Artificial Intelligence Theory and Applications, vol.2, pp.308-318, 2021 (Peer-Reviewed Journal)
Bone age is an effective indicator for diagnosing various diseases and to
determine bone ages of livings. The earliest well-known studies belong to the
Greulich-Pyle and Tanner-Whitehouse, as a result bone age development
atlases were published using hand and wrist radiography. Atlases works well
for the younger ages between 0-18, while they have deviations at elder ages.

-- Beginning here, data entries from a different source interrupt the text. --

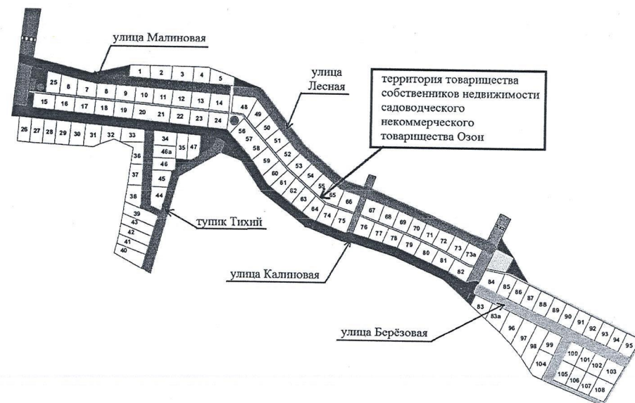
Схема присвоения наименования территории и элементам улично-дорожной сети, расположенных в кадастровом квартале 50:14:0020201 территория товарищества собственников недвижимости садоводческого некоммерческого товарищества Озон городского округа Щёлково Московской области

Начальник Отдела архитектуры и градостроительства Администрации городского округа Щёлково
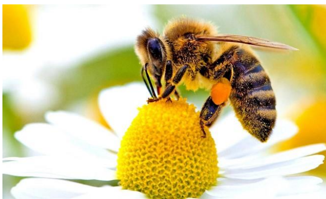
Slika broj 4 . Pčela na cvijetu skuplja nektar za med

Ako nam sva ta hrana nestane, s čime ćemo prehranjivati stoku a i sami sebe?
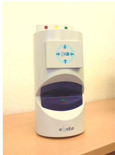
Kundenterminal Stangenmontage kombiniert mit Entwerfer
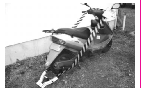
タイヤロックされた原付バイク

都と区市町村では、12月を「オール東京滞納STOP強化月間」と位置づけ、連携した広報や催告による納税推進、差押えやタイヤロック、搜索等の滞納処分など、多様な徴収対策に取り組んでいます。
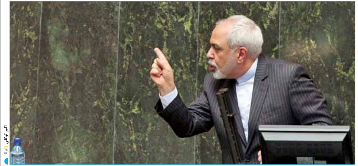
محمدجواد ظریف در صحن علنی مجلس:

Kazuro Anhara and Takao Suzuki emphasized the importance of changes in
pubic symphysis of pubic bones belonging to 20 to 40 years old cases who
were not alive for further ages. All this researches focuses on the hand intensive
works. However, automation of bone age detection using artificial intelligence
techniques such as image processing of radiological images is important in
order to prevent human side-effects on the evaluation, they are called
automated methods. Some examples are automatic bone age estimation fully
automatic with carpal bone segmentation using fuzzy classification, fuzzybased radius model for bone age estimation including image preprocessing,
and neural network applications mostly seen on the literature. It is obvious,
artificial intelligence promises faster bone age estimation and to minimize
different evaluations between experts. However, new studies are needed for
applying new techniques (deep learning) efficiently and discovering new bones
to estimate elder ages accurately in the field of forensic informatics especially.